Thank you for your time!

simonvh commented 1 year ago

It is possible, but not yet completely out-of-the-box. @JGASmits, @Arts-of-coding and/or @siebrenf may be able to help out?

Arts-of-coding commented 1 year ago

Hi @PauBadiaM, We are currently in the process of implementing single-cell (multiomics) data into ANANSE. For Python this is already available: https://github.com/Arts-of-coding/AnanseScanpy. I have a vignette specifying how you can go from two separate scanpy objects: one containing expression data from scRNA-seq and one containing a cell-by-peak matrix from scATAC-seq into output data for ANANSNAKE (https://github.com/vanheeringen-lab/anansnake). ANANSNAKE is an automated pipeline that runs ANANSE, for instance based on the output files from AnanseScanpy of AnanseSeurat (https://github.com/JGASmits/AnanseSeurat).

If you want to only use the Python to generate the cell-by-peak matrix in scATAC-seq (required for AnanseScanpy), I recommend using the "pp.make_peak_matrix" function from snapatac2 (https://pypi.org/project/snapatac2/).

If you are in no rush, there will be an extended manual about this available soon, which will be mentioned on the pages of AnanseScanpy and AnanseSeurat when it is available.

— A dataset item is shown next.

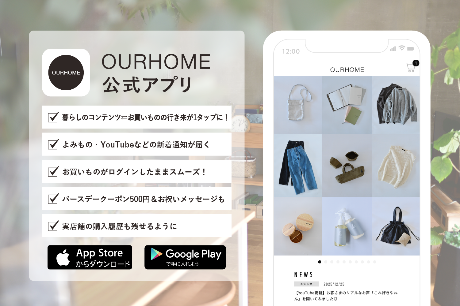 ライフスタイルブランド「OURHOME」(運営:株式会社i bridge、兵庫県西宮市)は2026年1月13日、コンテンツ閲覧からオンライン購入までをアプリ内に集約した「OURHOME公式アプリ」を公開しました。リリース記念として1月22日〜1月26日は、アプリ経由の注文に限り送料無料にします。OURHOMEはブログやSNS、動画、音声配信、ECなど複数チャネルで情報発信してきましたが、更新情報を見逃しやすいという課題を踏まえ、導線を一本化したとしています。アプリは、よみもの・YouTube等の新着や新商品・再入荷・キャンペーンをプッシュ通知で届け、ログイン維持により購入時の入力負担を軽減します。会員は誕生月設定で500円分のクーポンを受け取れるほか、オンラインに加え実店舗の購入履歴も記録可能です。今後は購買履歴の活用により、店舗での相談やオンラインでのリピート購入の利便性向上が焦点となりそうです。【キャンペーン情報】

If "MuData" will replace the currently extensively used "anndata" for single-cell objects in Python, it is likely to be implemented at a later stage.

I hope to have informed you sufficiently!

PauBadiaM commented 1 year ago

Hi @simonvh and @Arts-of-coding ,

Thanks for the replies! It is really nice that it can be used using AnnData. I proposed MuData because its the extension of AnnData to multiple omics in the same object (with nice behaviors like propagating filtering changes across omics), but in the end is a dictionary of AnnDatas objects which could be passed to Anansescanpy without a problem. Just a minor comment, why is this being implemented as a separate package? Shouldn't it be utility functions of ANANSE? In any case, it would be good that once finished you would point users to the Anansescanpy or AnanseSeurat vignettes in the main ANANSE documentation.

I'm in no rush for now, I'll wait ;)